__Data section__:
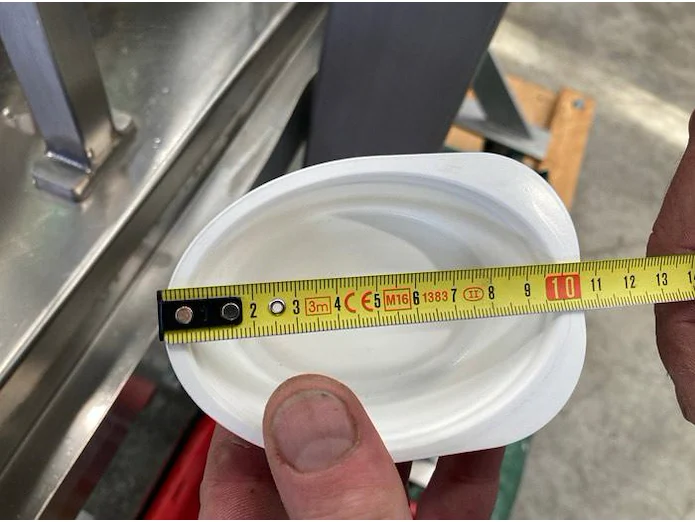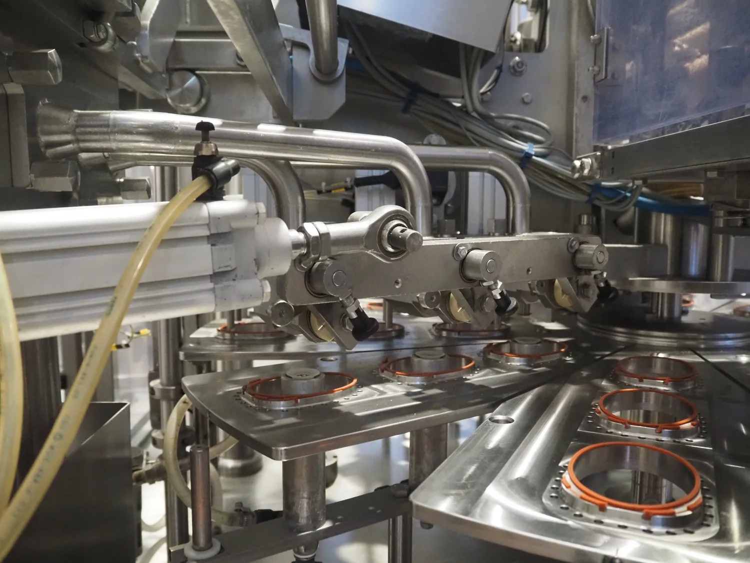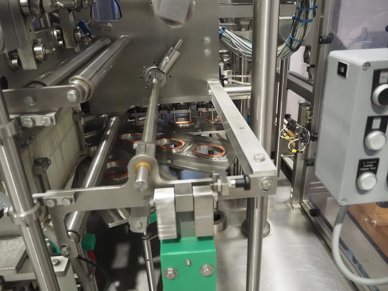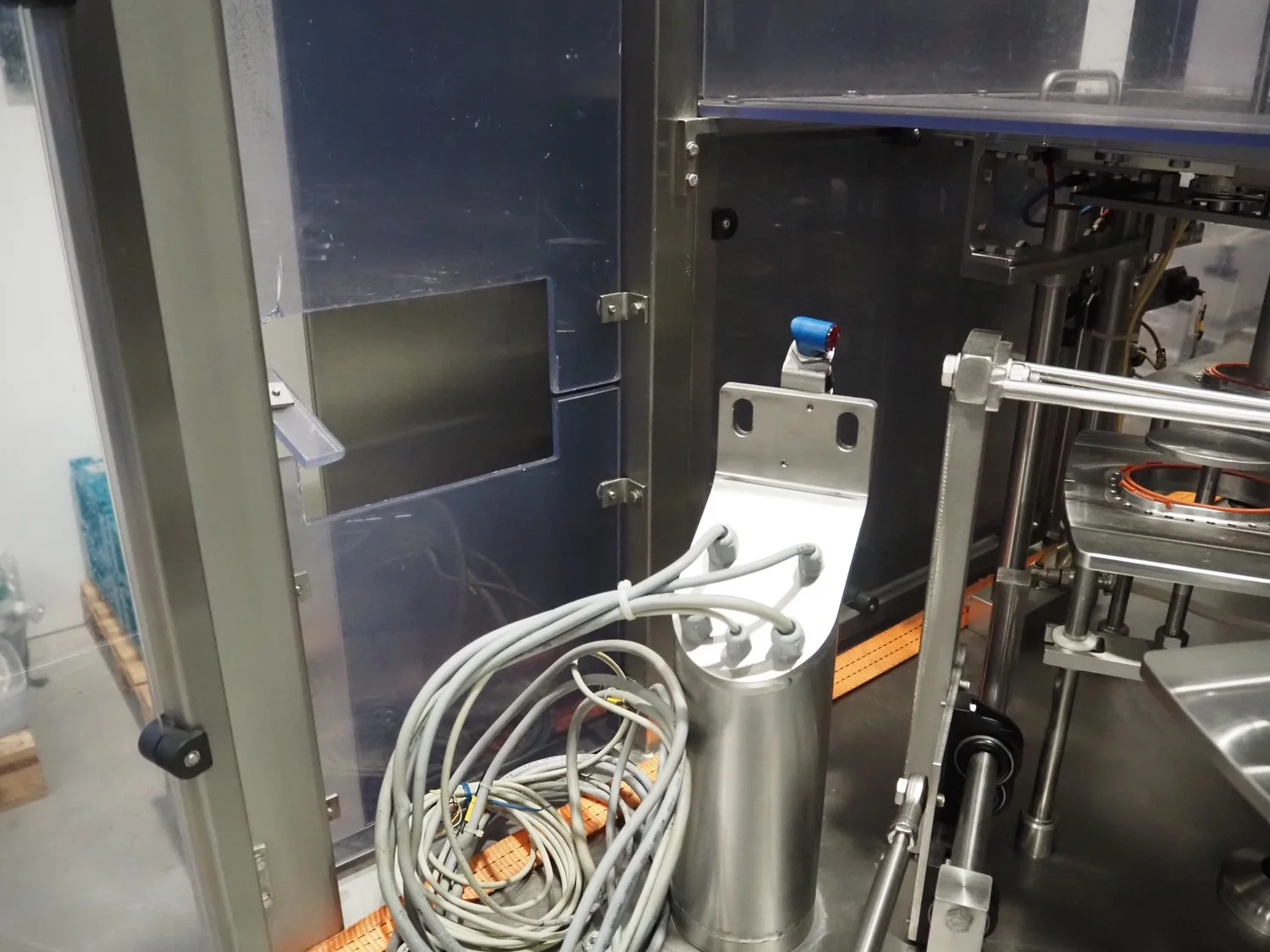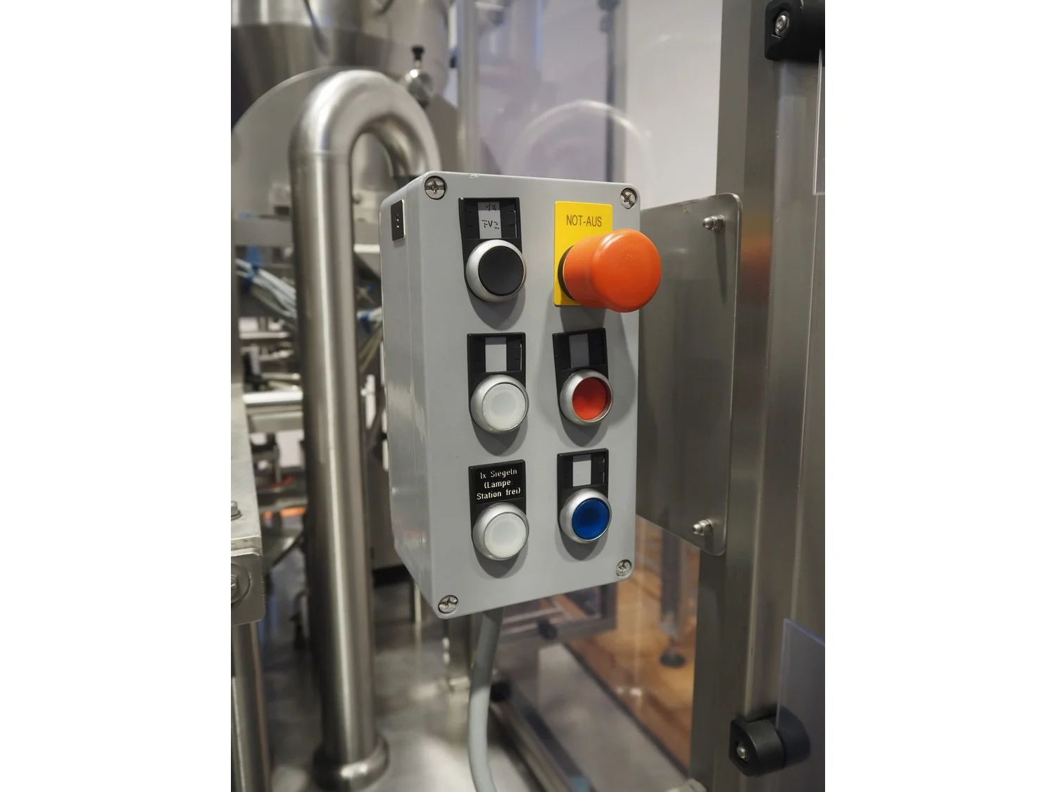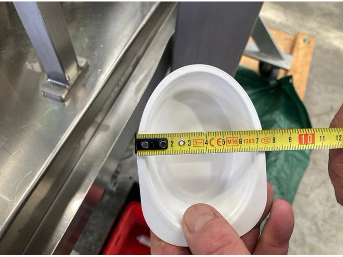 Herbert Grunwald GmbH cup filling and sealing machine, type: Hittpac AKH-059/3, number: 29/07, year of construction: 2007, 400 V, 3 Ph, 50 Hz, 18.0 A, 8.0 kW, Busch vacuum pump, dimensions cups: 100 mm x 70 mm, total dimensions: 3650 mm x 3150 mm x 2300 mm.
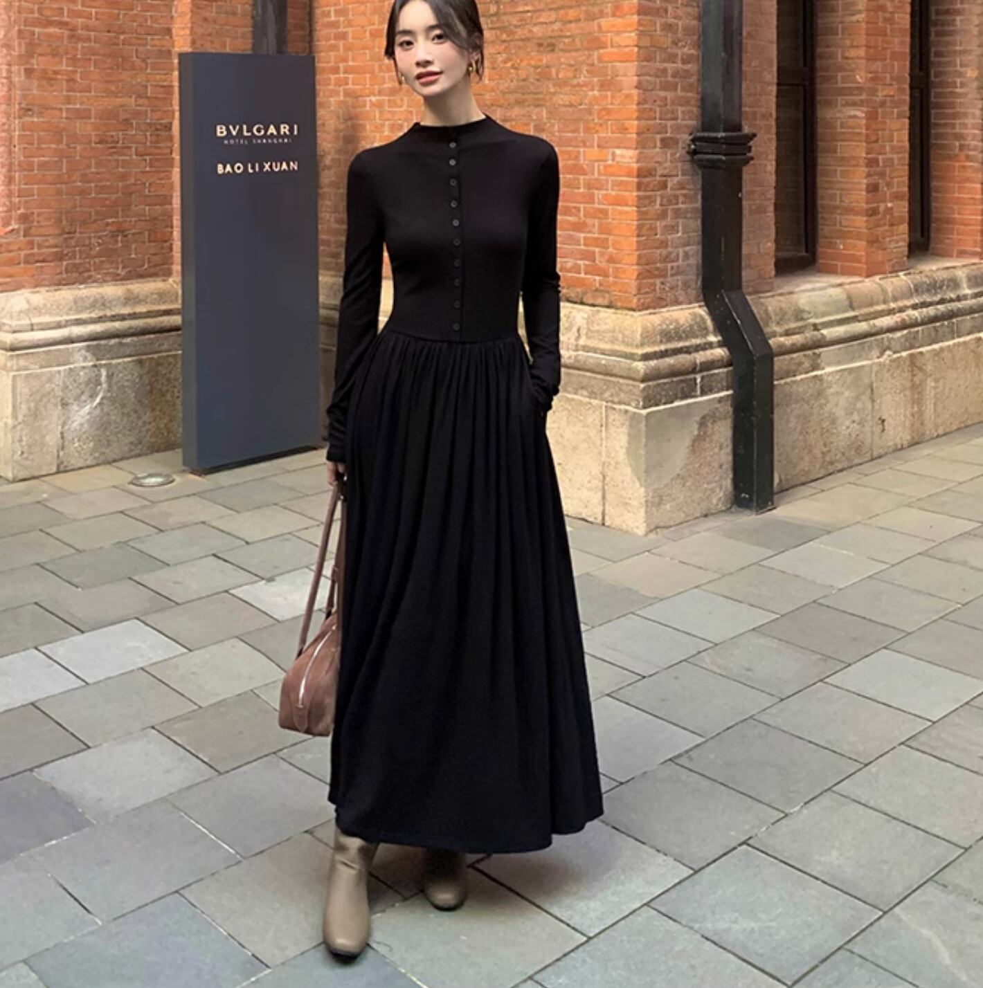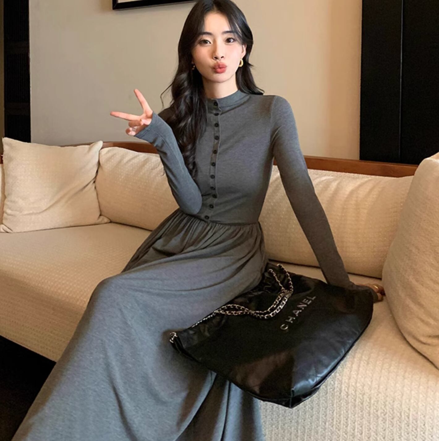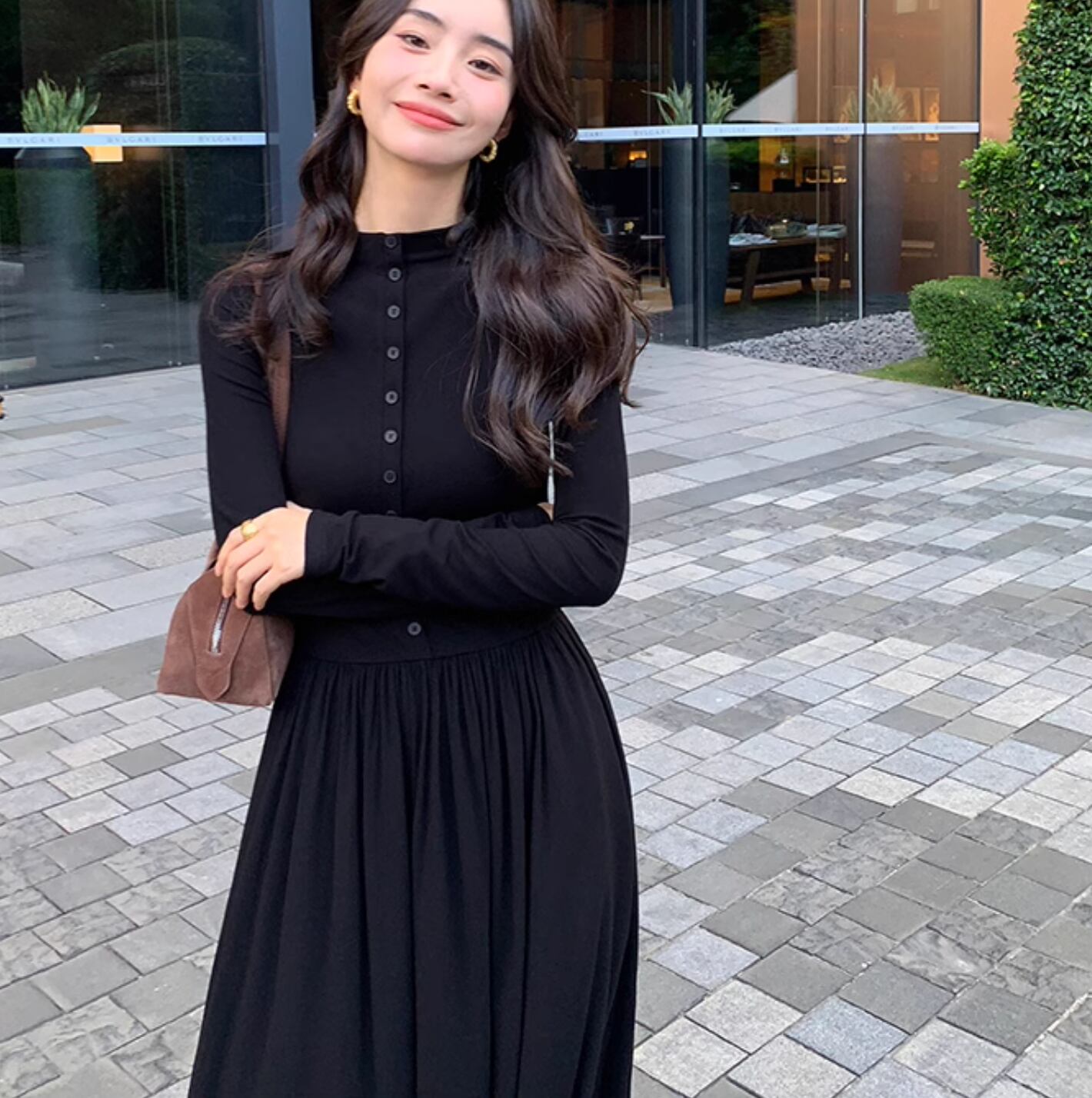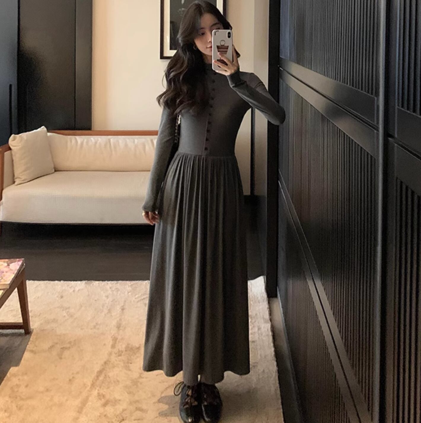 フロントボタンにすることで美しいラインとデザイン性をプラス。シンプルだからこそ、アクセサリーやバッグ、アウターなどを楽しめる万能ワンピースです♡
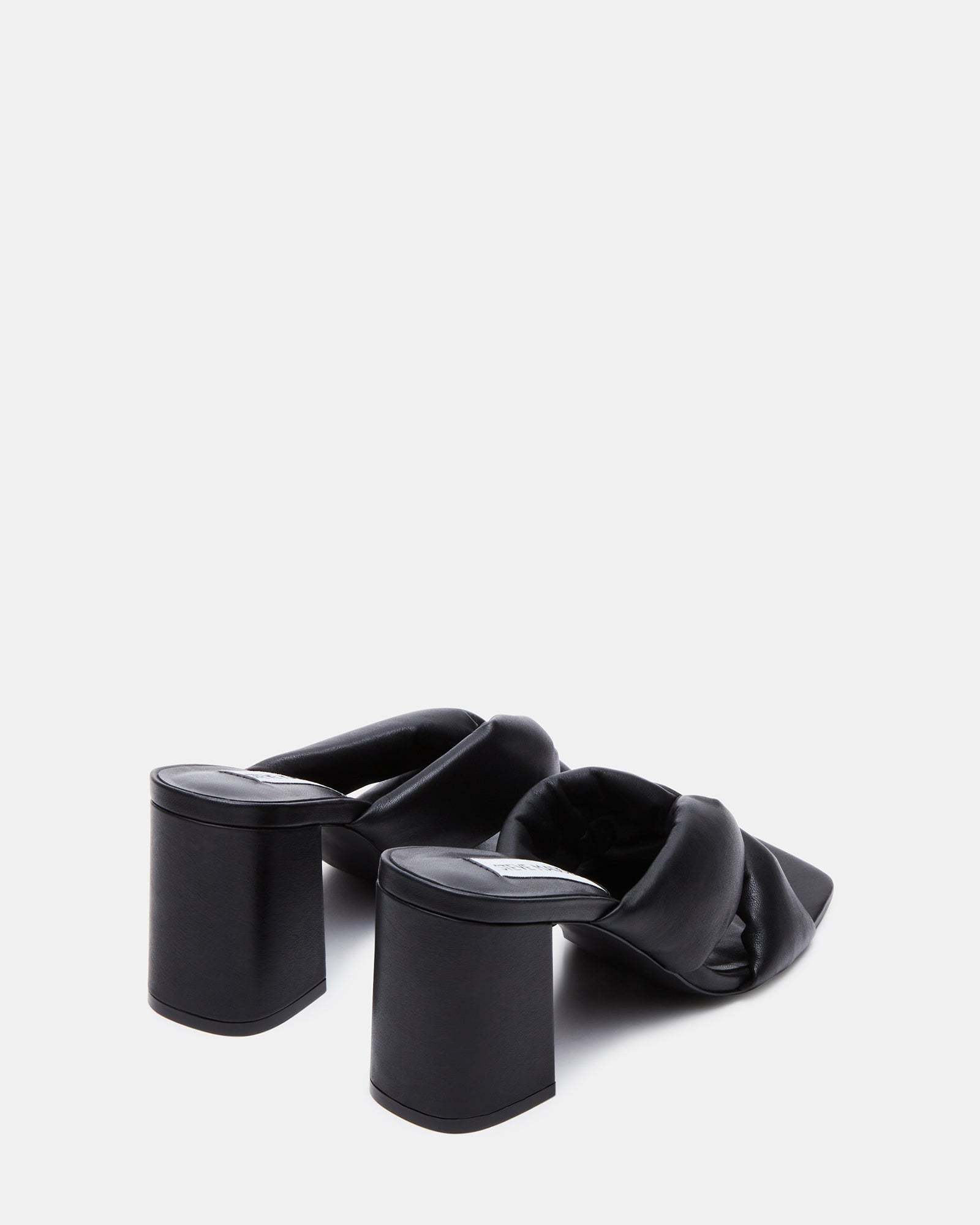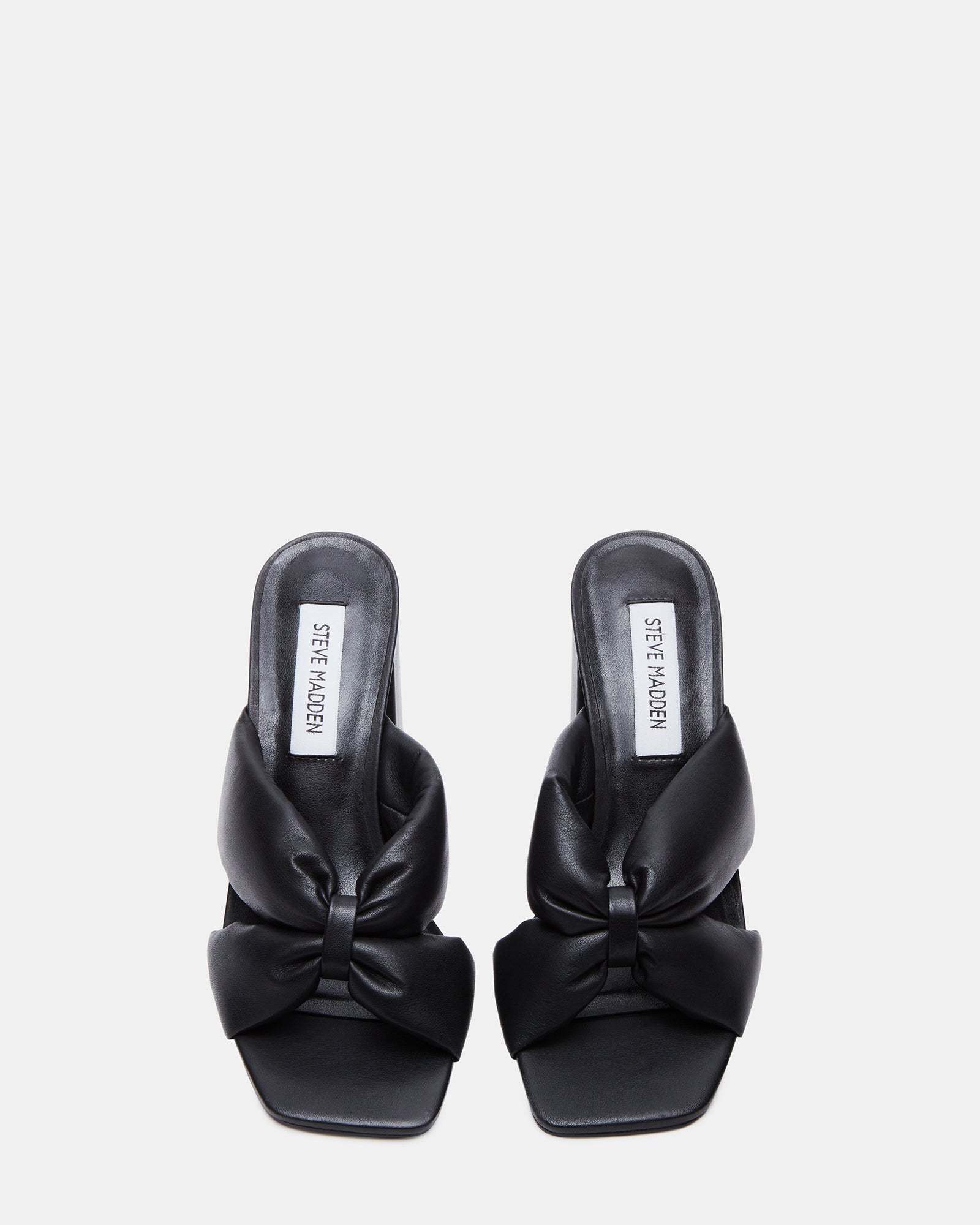 slide silhouette and comfortable puffed straps crossed over the foot and cinched above the toes.

__Your goal__: Write out the whole listing verbatim, images excluded.

__Response area__:
 Herbert Grunwald GmbH cup filling and sealing machine, type: Hittpac AKH-059/3, number: 29/07, year of construction: 2007, 400 V, 3 Ph, 50 Hz, 18.0 A, 8.0 kW, Busch vacuum pump, dimensions cups: 100 mm x 70 mm, total dimensions: 3650 mm x 3150 mm x 2300 mm.
 フロントボタンにすることで美しいラインとデザイン性をプラス。シンプルだからこそ、アクセサリーやバッグ、アウターなどを楽しめる万能ワンピースです♡
 slide silhouette and comfortable puffed straps crossed over the foot and cinched above the toes.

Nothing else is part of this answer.